The task
What you return must be the lines from the first one below through the one containing "Lesson learned - It", exactly and with pictures excluded.

------ Working data

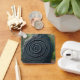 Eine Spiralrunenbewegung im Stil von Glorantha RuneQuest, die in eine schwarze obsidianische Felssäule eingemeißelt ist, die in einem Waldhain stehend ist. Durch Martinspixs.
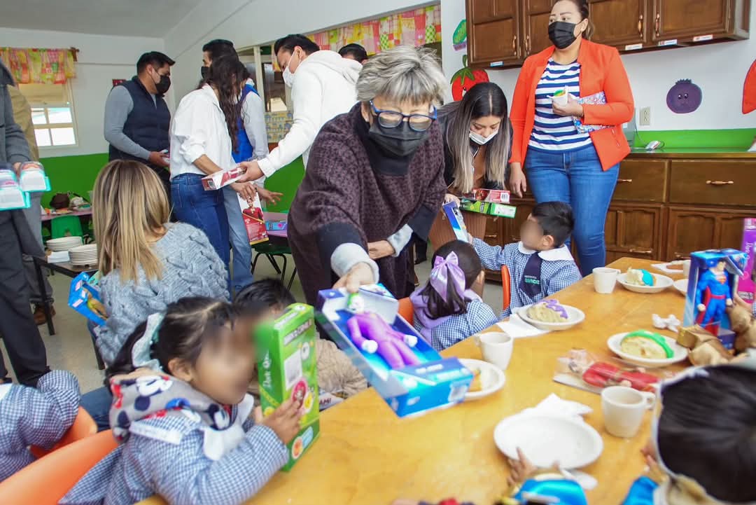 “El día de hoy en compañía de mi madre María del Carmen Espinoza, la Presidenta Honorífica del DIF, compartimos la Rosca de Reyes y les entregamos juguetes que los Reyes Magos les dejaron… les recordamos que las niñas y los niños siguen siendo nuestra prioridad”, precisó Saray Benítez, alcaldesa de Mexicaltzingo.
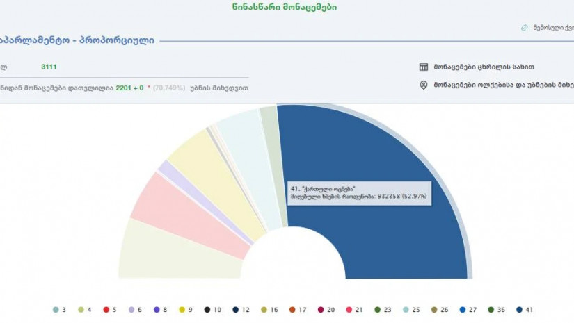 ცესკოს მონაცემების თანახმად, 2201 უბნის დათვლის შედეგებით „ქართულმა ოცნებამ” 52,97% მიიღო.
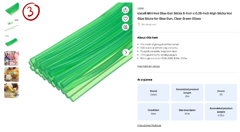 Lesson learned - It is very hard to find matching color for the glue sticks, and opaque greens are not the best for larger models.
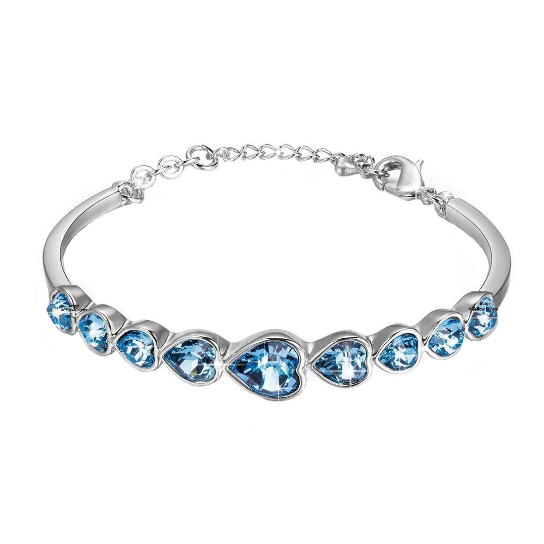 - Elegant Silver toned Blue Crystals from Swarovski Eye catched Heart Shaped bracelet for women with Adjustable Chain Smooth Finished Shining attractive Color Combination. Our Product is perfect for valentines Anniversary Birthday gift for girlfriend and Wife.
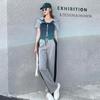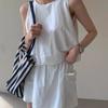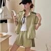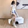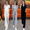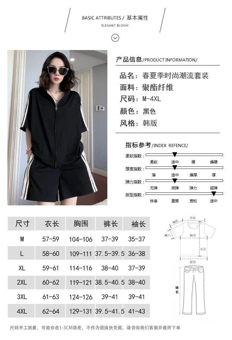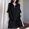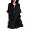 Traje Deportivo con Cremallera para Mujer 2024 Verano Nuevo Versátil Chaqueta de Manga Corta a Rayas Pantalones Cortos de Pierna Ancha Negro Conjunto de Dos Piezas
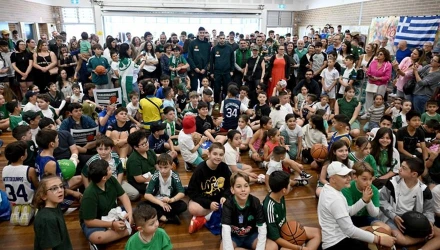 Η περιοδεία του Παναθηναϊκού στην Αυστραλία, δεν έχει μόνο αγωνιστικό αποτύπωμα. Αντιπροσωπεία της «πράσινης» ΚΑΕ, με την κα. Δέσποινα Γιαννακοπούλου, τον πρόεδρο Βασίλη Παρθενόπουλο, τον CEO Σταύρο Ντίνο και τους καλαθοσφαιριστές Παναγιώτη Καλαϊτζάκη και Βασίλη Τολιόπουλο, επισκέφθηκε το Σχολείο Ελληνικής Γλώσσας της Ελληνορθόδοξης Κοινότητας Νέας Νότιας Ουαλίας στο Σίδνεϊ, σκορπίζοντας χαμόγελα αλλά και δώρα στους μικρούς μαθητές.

------------

Answer for this exercise
 Eine Spiralrunenbewegung im Stil von Glorantha RuneQuest, die in eine schwarze obsidianische Felssäule eingemeißelt ist, die in einem Waldhain stehend ist. Durch Martinspixs.
 “El día de hoy en compañía de mi madre María del Carmen Espinoza, la Presidenta Honorífica del DIF, compartimos la Rosca de Reyes y les entregamos juguetes que los Reyes Magos les dejaron… les recordamos que las niñas y los niños siguen siendo nuestra prioridad”, precisó Saray Benítez, alcaldesa de Mexicaltzingo.
 ცესკოს მონაცემების თანახმად, 2201 უბნის დათვლის შედეგებით „ქართულმა ოცნებამ” 52,97% მიიღო.
 Lesson learned - It is very hard to find matching color for the glue sticks, and opaque greens are not the best for larger models.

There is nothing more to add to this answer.